▸ INFORMATION SUPPLIED
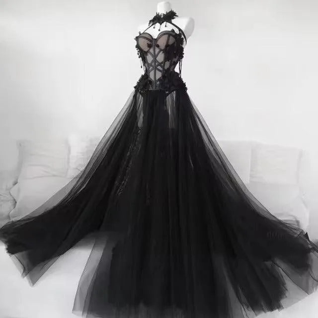 אמנדה יוקרה שחור vestidos de noche שמלות נשף טול צווארון טול אלגנטיות ללא שרוולים ערב רשמי מפוצל באורך צד
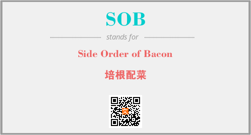 上述内容是“Side Order of Bacon”作为“SOB”的缩写,解释为“培根配菜”时的信息,以及英文缩略词SOB所代表的英文单词,其对应的中文拼音、详细解释以及在英文中的流行度和相关分类、应用领域及应用示例等。
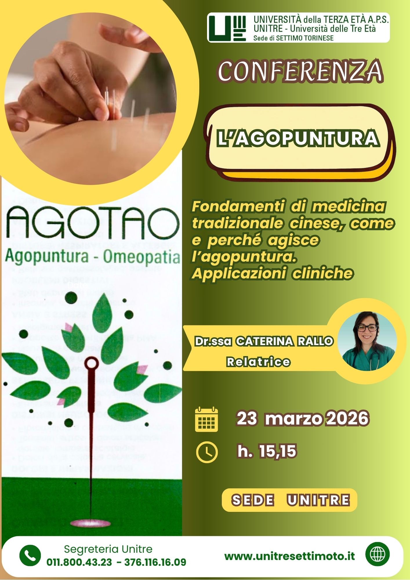 ORE 15,15 - PRESSO SEDE UNITRE DI SETTIMO TOR.SE CONFERENZA DAL TITOLO "L'AGOPUNTURA - Fondamenti di medicina tradizionale cinese, come e perchè agisce l'agopuntura. Applicazioni cliniche"" RELATRICE dott.ssa CATER...

▸ HOW TO COMPLETE THIS TASK
Would you transcribe all of the data exactly, omitting any pictures?

▸ ANSWER TO THE EXERCISE
 אמנדה יוקרה שחור vestidos de noche שמלות נשף טול צווארון טול אלגנטיות ללא שרוולים ערב רשמי מפוצל באורך צד
 上述内容是“Side Order of Bacon”作为“SOB”的缩写,解释为“培根配菜”时的信息,以及英文缩略词SOB所代表的英文单词,其对应的中文拼音、详细解释以及在英文中的流行度和相关分类、应用领域及应用示例等。
 ORE 15,15 - PRESSO SEDE UNITRE DI SETTIMO TOR.SE CONFERENZA DAL TITOLO "L'AGOPUNTURA - Fondamenti di medicina tradizionale cinese, come e perchè agisce l'agopuntura. Applicazioni cliniche"" RELATRICE dott.ssa CATER...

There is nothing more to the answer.